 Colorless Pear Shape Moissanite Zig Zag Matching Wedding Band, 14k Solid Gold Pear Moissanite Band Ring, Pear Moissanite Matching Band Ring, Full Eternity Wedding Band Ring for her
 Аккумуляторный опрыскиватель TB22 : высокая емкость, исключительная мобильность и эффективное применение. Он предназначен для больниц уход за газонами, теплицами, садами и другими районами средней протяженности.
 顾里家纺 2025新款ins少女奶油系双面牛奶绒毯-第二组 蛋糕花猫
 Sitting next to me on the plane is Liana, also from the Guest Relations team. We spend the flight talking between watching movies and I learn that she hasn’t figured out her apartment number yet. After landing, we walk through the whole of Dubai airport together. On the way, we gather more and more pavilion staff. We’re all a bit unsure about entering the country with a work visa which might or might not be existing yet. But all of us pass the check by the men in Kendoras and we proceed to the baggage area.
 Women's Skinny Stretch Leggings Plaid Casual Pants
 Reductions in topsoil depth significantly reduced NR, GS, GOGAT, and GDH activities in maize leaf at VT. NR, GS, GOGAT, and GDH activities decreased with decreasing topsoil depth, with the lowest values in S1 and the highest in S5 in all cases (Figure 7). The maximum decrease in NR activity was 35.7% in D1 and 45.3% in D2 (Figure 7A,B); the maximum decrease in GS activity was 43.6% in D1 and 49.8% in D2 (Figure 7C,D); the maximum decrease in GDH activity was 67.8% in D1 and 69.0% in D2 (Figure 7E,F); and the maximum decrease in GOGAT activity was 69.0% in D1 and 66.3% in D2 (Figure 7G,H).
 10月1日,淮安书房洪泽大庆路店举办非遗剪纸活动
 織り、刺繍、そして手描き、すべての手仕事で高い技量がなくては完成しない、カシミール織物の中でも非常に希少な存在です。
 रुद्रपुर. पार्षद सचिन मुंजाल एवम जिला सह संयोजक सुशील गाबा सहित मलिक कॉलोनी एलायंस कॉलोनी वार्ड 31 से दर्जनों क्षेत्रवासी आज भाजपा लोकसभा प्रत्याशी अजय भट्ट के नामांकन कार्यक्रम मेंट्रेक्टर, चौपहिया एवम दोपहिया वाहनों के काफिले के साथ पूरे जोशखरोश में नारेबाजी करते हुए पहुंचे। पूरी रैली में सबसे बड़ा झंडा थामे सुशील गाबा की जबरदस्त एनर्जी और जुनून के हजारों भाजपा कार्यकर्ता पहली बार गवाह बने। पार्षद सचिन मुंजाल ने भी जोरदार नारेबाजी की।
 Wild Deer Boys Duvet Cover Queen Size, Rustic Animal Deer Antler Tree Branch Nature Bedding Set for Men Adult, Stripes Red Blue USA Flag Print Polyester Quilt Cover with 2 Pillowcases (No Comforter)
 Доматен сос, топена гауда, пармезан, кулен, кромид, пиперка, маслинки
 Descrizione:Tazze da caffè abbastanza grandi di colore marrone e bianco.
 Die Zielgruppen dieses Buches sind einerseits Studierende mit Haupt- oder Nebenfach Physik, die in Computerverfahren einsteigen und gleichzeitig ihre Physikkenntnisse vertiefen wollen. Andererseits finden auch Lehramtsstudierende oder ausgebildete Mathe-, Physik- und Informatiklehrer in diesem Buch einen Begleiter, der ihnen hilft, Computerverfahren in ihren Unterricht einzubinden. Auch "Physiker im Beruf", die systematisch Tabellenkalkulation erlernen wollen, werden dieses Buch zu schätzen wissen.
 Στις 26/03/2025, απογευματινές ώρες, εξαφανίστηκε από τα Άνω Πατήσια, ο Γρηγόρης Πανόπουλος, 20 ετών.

WHAT YOU NEED TO DO => Retype all the records above without changing a word.

THE COMPLETED TASK =>
 Colorless Pear Shape Moissanite Zig Zag Matching Wedding Band, 14k Solid Gold Pear Moissanite Band Ring, Pear Moissanite Matching Band Ring, Full Eternity Wedding Band Ring for her
 Аккумуляторный опрыскиватель TB22 : высокая емкость, исключительная мобильность и эффективное применение. Он предназначен для больниц уход за газонами, теплицами, садами и другими районами средней протяженности.
 顾里家纺 2025新款ins少女奶油系双面牛奶绒毯-第二组 蛋糕花猫
 Sitting next to me on the plane is Liana, also from the Guest Relations team. We spend the flight talking between watching movies and I learn that she hasn’t figured out her apartment number yet. After landing, we walk through the whole of Dubai airport together. On the way, we gather more and more pavilion staff. We’re all a bit unsure about entering the country with a work visa which might or might not be existing yet. But all of us pass the check by the men in Kendoras and we proceed to the baggage area.
 Women's Skinny Stretch Leggings Plaid Casual Pants
 Reductions in topsoil depth significantly reduced NR, GS, GOGAT, and GDH activities in maize leaf at VT. NR, GS, GOGAT, and GDH activities decreased with decreasing topsoil depth, with the lowest values in S1 and the highest in S5 in all cases (Figure 7). The maximum decrease in NR activity was 35.7% in D1 and 45.3% in D2 (Figure 7A,B); the maximum decrease in GS activity was 43.6% in D1 and 49.8% in D2 (Figure 7C,D); the maximum decrease in GDH activity was 67.8% in D1 and 69.0% in D2 (Figure 7E,F); and the maximum decrease in GOGAT activity was 69.0% in D1 and 66.3% in D2 (Figure 7G,H).
 10月1日,淮安书房洪泽大庆路店举办非遗剪纸活动
 織り、刺繍、そして手描き、すべての手仕事で高い技量がなくては完成しない、カシミール織物の中でも非常に希少な存在です。
 रुद्रपुर. पार्षद सचिन मुंजाल एवम जिला सह संयोजक सुशील गाबा सहित मलिक कॉलोनी एलायंस कॉलोनी वार्ड 31 से दर्जनों क्षेत्रवासी आज भाजपा लोकसभा प्रत्याशी अजय भट्ट के नामांकन कार्यक्रम मेंट्रेक्टर, चौपहिया एवम दोपहिया वाहनों के काफिले के साथ पूरे जोशखरोश में नारेबाजी करते हुए पहुंचे। पूरी रैली में सबसे बड़ा झंडा थामे सुशील गाबा की जबरदस्त एनर्जी और जुनून के हजारों भाजपा कार्यकर्ता पहली बार गवाह बने। पार्षद सचिन मुंजाल ने भी जोरदार नारेबाजी की।
 Wild Deer Boys Duvet Cover Queen Size, Rustic Animal Deer Antler Tree Branch Nature Bedding Set for Men Adult, Stripes Red Blue USA Flag Print Polyester Quilt Cover with 2 Pillowcases (No Comforter)
 Доматен сос, топена гауда, пармезан, кулен, кромид, пиперка, маслинки
 Descrizione:Tazze da caffè abbastanza grandi di colore marrone e bianco.
 Die Zielgruppen dieses Buches sind einerseits Studierende mit Haupt- oder Nebenfach Physik, die in Computerverfahren einsteigen und gleichzeitig ihre Physikkenntnisse vertiefen wollen. Andererseits finden auch Lehramtsstudierende oder ausgebildete Mathe-, Physik- und Informatiklehrer in diesem Buch einen Begleiter, der ihnen hilft, Computerverfahren in ihren Unterricht einzubinden. Auch "Physiker im Beruf", die systematisch Tabellenkalkulation erlernen wollen, werden dieses Buch zu schätzen wissen.
 Στις 26/03/2025, απογευματινές ώρες, εξαφανίστηκε από τα Άνω Πατήσια, ο Γρηγόρης Πανόπουλος, 20 ετών.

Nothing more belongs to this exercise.